Patrick wrote:1) Methodology. Tony's number aren't representative of Canada.
My data from western Canada is probably as good as from the western U.S. in relation to ski areas, acreage, skier visits, etc. Snowfall was huge (~140+%) in coastal B.C. which gets ~3.5 million skier visits and 122% in Alberta and the rest of B.C. (4.8 million skier visits and the largest region of my 8 overall by acreage).
Patrick wrote:I would agree to across the US as a whole, 2010-2011 was the one best snow year at ski areas on record.
OR
to across in the sample of ski areas mostly concentrated in US, 2010-2011 was the one best snow year at ski areas on record.
No I don't think the data is U.S. centric at all; Canada overall had a season as strong as the U.S. did. If you added in all of Canada to Kottke and used their methodology weighted by skier visits, I would strongly expect the same conclusion.
I've been through the rest of EMSC's list of 300 areas (not complete but should be enough to be representative), and the Midwest, MASH and Southeast combined total 3% of U.S. skier acreage. Ontario and the prairies probably have similar relationship in Canada. For molehills (and even the mid-sized areas) that are nearly totally dependent upon snowmaking, I reiterate the point that they are not relevant to a discussion of snowfall, no matter how many skier visits they get. I'm sorry if Patrick is offended by his Ottawa locals falling into the "snowfall not relevant" category, but I suspect most would agree with me on this. Leslie Anthony (who is from eastern Canada) did in supervising the
Powder article in 1995.
The major limitation in my calculations is for which areas can I obtain reliable data. That's one reason for defining by regions; some regions I have a lot of areas, others not so many. I originally defined the regions in terms of distinct climate zones, but it turns out the division is fairly equal in terms of ski terrain also.
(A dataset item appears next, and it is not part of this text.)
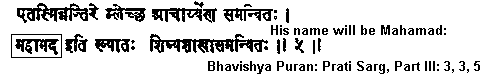 “A malechha (belonging to a foreign country and speaking foreign language) spiritual teacher will appear with his companions. His name will be Mahamad. Raja (Bhoj) after giving this Mahadev Arab (of angelic disposition) a bath in the 'Panchgavya' and the Ganges water, (i.e. purging him of all sins) offered him the presents of his sincere devotion and showing him all reverence said, 'I make obeisance to thee.' 'O Ye! the pride of mankind, the dweller in Arabia, Ye have collected a great force to kill the Devil and you yourself have been protected from the malechha opponents (idol worshipers, pagans).' ‘O Ye! the image of the Most Pious God the biggest Lord, I am a slave to thee, take me as one lying on thy feet.'“The Malechhas have spoiled the well-known land of the Arabs. Arya Dharma is not to be found in that country. Before also there appeared a misguided fiend whom I had killed [note: e.g., Abraha Al-Ashram, the Abyssinian viceroy of Yemen, who attacked Mecca]; he has now again appeared being sent by a powerful enemy. To show these enemies the right path and to give them guidance the well-known Mahamad (Mohammad), who has been given by me the epithet of Brahma is busy in bringing the Pishachas to the right path. O Raja! You need not go to the land of the foolish Pishachas, you will be purified through my kindness even where you are. At night, he of the angelic disposition, the shrewd man, in the guise of a Pishacha said to Raja Bhoj, "O Raja! Your Arya Dharma has been made to prevail over all religions, but according to the commandments of ‘Ashwar Parmatma (God, Supreme Spirit), I shall enforce the strong creed of the meat-eaters. My follower will be a man circumcised, without a tail (on his head), keeping beard, creating a revolution, announcing call for prayer and will be eating all lawful things. He will eat all sorts of animals except swine. They will not seek purification from the holy shrubs, but will be purified through warfare. Because of their fighting the irreligious nations, they will be known as Musalmans (Muslims). I shall be the originator of this religion of the meat-eating nation."

Within each region it's reasonable to ask if the data for the areas I have is representative for the region as a whole. This question was first asked for the known "bad" region New Mexico, and New Mexico carries a 1/48 weight in my "Best Natural Snow Year" overall figure. New Mexico averages 800K skier visits, and its acreage numbers are also somewhat under 2% of the overall total. A similar exercise gives Alaska (the other bad subregion) a ~1% weighting in the above 3 categories.
For the Quebec case, Patrick is correct that I only have one area Le Massif. Le Massif was 93% this year, which is not that far off the 102% for the Northeast as a whole. The townships are almost certainly close to the ~100% of their Northern Vermont neighbors. So I don't think "102% for the Northeast" distorts Quebec much at all in 2010-11 for the Quebec areas where snowfall matters.
With respect to the "weight by skier visits" controversy, it is certainly possible that a big snow year by my weighting or area size could be mediocre by skier visits. You would need a bad Northeast snow year combined with the heaviest snow in the Northwest, Northern Rockies and western Canada. But that's not what happened in 2010-11. Northeast wasn't bad, just average, and the highest snow regions were the ones #2 and #3 in skier visits. Kottke and I have both demonstrated this and the conclusion about 2010-11 remains the same when weighting by skier visits.
In terms of acreage or acreage + vertical (Quebec City/Charlevoix/Saguenay + Townships) is about 1/5 of (Vermont + New Hampshire + Maine). Since I typically get 10-11 areas reporting from the latter, I'd like to get a second one from Quebec, preferably one of the Townships. I've seen that large season total dataset from Sutton; I'd like to figure out a way to make that work.
Marc_C wrote:My suggestion is that Patrick and Tony spend more time in the outdoors during the non-ski season instead of burning 1's and 0's over what has become a fairly ridiculous argument. But it is kinda amusing watching from the cheap seats.

I have to agree with Patrick here. While I do have outside summer pursuits, I definitely have more time to do research, crunch numbers and respond to threads like this in summer than in winter.